Microsoft attributes the cyberattack on Charlie Hebdo to Iranian state forces
Microsoft security researchers allege a state-backed Iranian cyber team responded to Charlie Hebdo's cartoon contest by hacking and leaking an extensive subscriber database to instil fear.
According to a blog post released by the tech giant on Friday, the FBI holds the same Iranian cyberterrorist, Emennet Pasargad, accountable for a campaign that aimed to influence the 2020 U.S. presidential election.
Iran has recently increased its cyber operations under false pretences to tarnish adversaries.
According to Microsoft's Digital Threat Analysis Center, a group going by the name 'Holy Souls' and posing as hacktivists claimed to have acquired personal data on 200,000 members and purchasers of Charlie Hebdo products in early January.
The 200-record sample, which 'may put the magazine's subscribers in danger for online or physical targeting' by extremists,' was made public by 'Holy Souls' as evidence of the data theft.
It contained the names, phone numbers, homes and email addresses of Charlie Hebdo subscribers. The group then advertised the purported data cache for $340,000 on several dark websites.
Microsoft claimed that it was unaware of any cache purchases.
- On Friday, a Charlie Hebdo spokeswoman stated that the publication would not comment on the Microsoft study. The Iranian representative waited to answer the UN's Friday request for comment.
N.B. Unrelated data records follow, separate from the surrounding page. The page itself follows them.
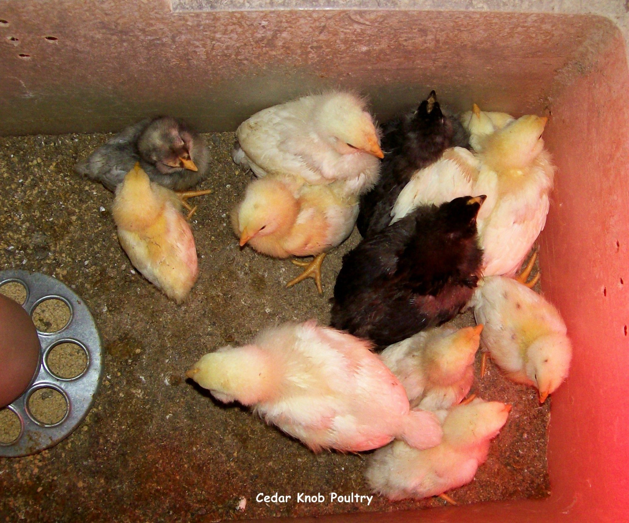 I always get a kick out of hatching chicks, though not so fond of raising chicks in our winters here. However, I'm developing a project line of meaty bodied, blue egg layers and want them to be decent winter layers, so am hatching chicks from a breeding pen of birds that are a cross of Ameraucana and CX and use no artificial lights or heat. These will be two and three weeks old this coming weekend.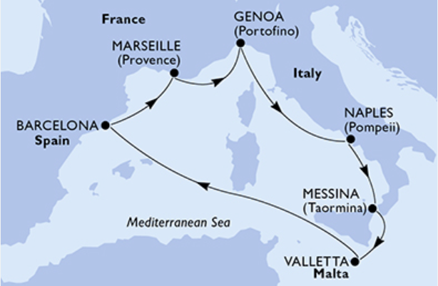 Neapelj, Messina, Valletta, Barcelona, Marseille
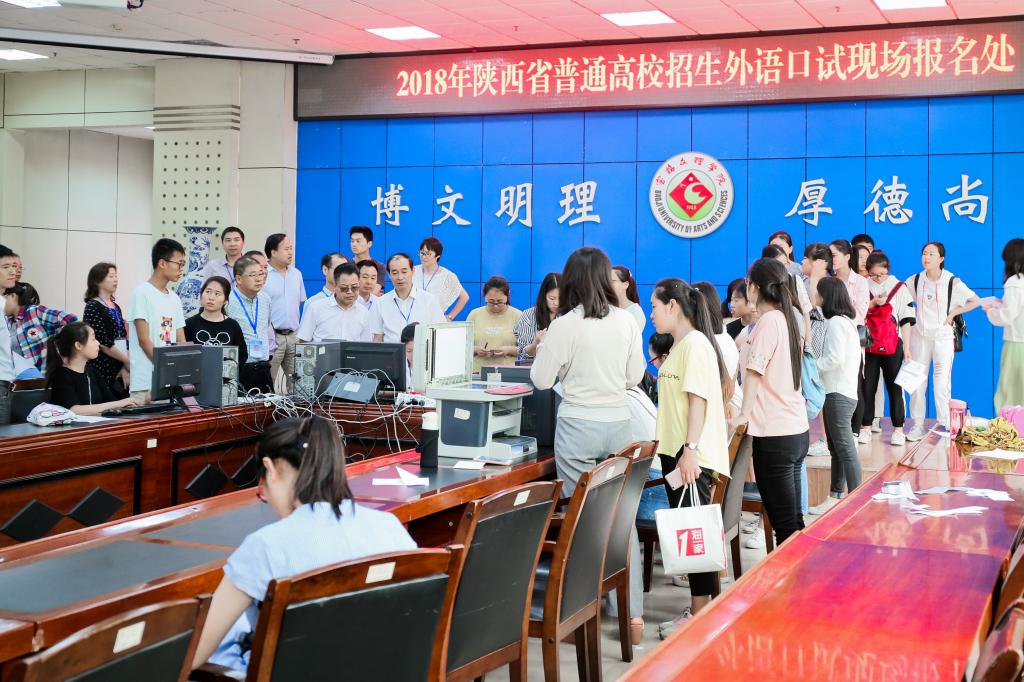 6月17日,2018年陕西省普通高校招生外语口语考试宝鸡考点的考试工作在我校举行,本次共有来自宝鸡12个县区的6804人参加考试,比2017年增加984人,报考人数创六年来新高。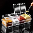 Kosona Ev Mutfak 4 Bölmeli Transparan Baharat Kutusu, Tuzluk Depolama Kutu, Pişirme İçin Şeffaf Baharat Kabı Kaşık İle ŞEffaf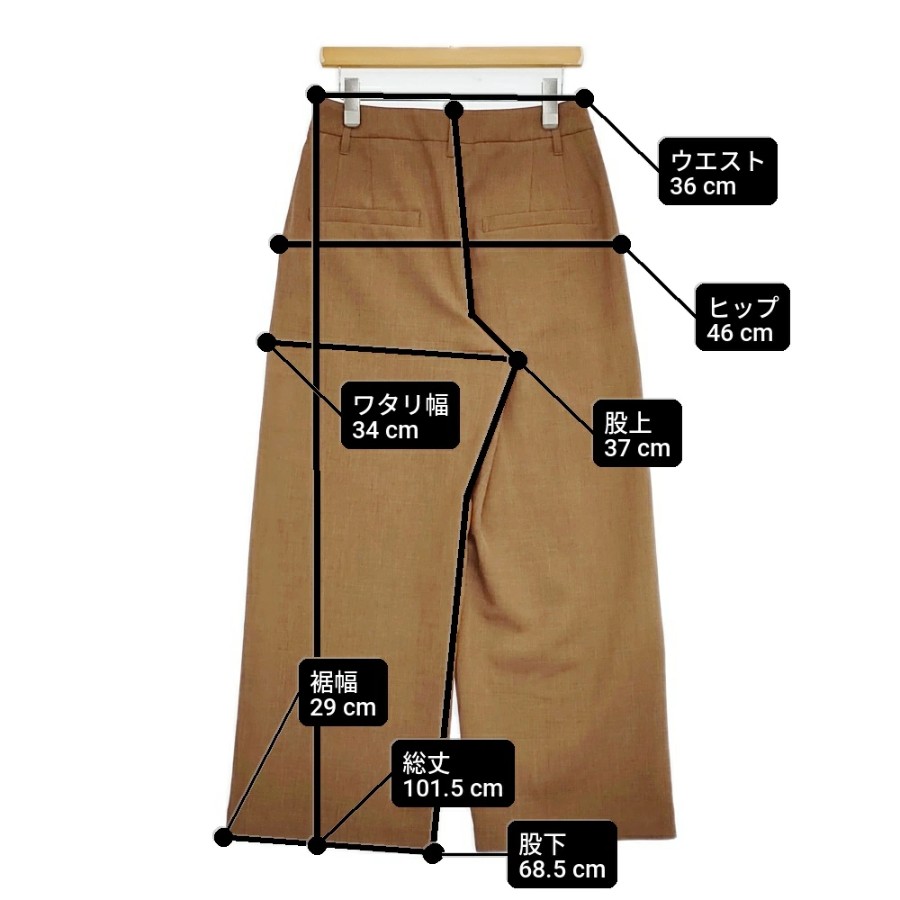 | 実寸サイズ | 肩幅:約40.5cm 着丈:約87cm 身幅:約43cm ウエスト:約36cm 股上:約37cm 股下:約68.5cm ヒップ:約46cm ワタリ幅:約34cm 裾幅:約29cm 備考 身幅おおよそ ※採寸画像がある商品はハンガーに吊るした状態での計測のため、平置きでの採寸とは差が生じる場合がございます。平置きでの実寸サイズをご希望の場合は、ご購入前に必ずご質問ください。 ※記載以外のサイズが合わないことを理由とした返品はできませんので、 記載部分以外で実寸サイズの気になる箇所があれば必ず購入前にご質問ください。 |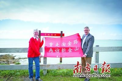 羅布地區(qū)市長彼得·萊斯利(左)與羅布地區(qū)議會主席羅杰·斯威特曼在“友誼之門”展開南方日報“重走淘金路 再訪新金山”的旗幟。

- The Charlie Hebdo cartoon contest issue was published on January 4 at the same time as the sample release. Participants were instructed to create derogatory caricatures of Ayatollah Ali Khamenei, Iran's supreme leader.
- According to Microsoft, the French daily Le Monde confirmed multiple victims of the leak from the sample. Through fictitious French 'sock-puppet' accounts on social networking sites like Twitter, the Iranian cybercriminals hoped to spread the word of the hack-and-leak operation and incite anger over the cartoon edition, according to Microsoft.
- The action co-occurred as verbal tirades from Tehran denouncing Charlie Hebdo's 'insult.' The provocatively satirical publication has a long history of running crude caricatures that detractors find highly offensive to Muslims.
- Charlie Hebdo has been the target of several attacks throughout the years, including the 2015 office attack by two al-Qaida fanatics of French descent that claimed the lives of 12 cartoonists.
- The publication described the Khamenei caricature competition as an expression of support for the widespread anti-government demonstrations that have erupted across Iran since the mid-September death of Mahsa Amini, a 22-year-old woman detained by Iran's morality police for allegedly disobeying the nation's strict Islamic dress code.
Mahsa was accused of breaking the code by the morality police.
After the cartoon controversy was made public, a decades-old French research facility was shut down in Iran. It announced sanctions last week against more than 30 European people and organisations, including three senior Charlie Hebdo employees.
The restrictions on travel to Iran and the ability for Iranian officials to close bank accounts and seize property make the sanctions primarily symbolic.
Regardless of one's opinion on Charlie Heb do's editorial decisions, Microsoft stated that the disclosure of personally identifiable information about tens of thousands of its customers constituted a severe threat.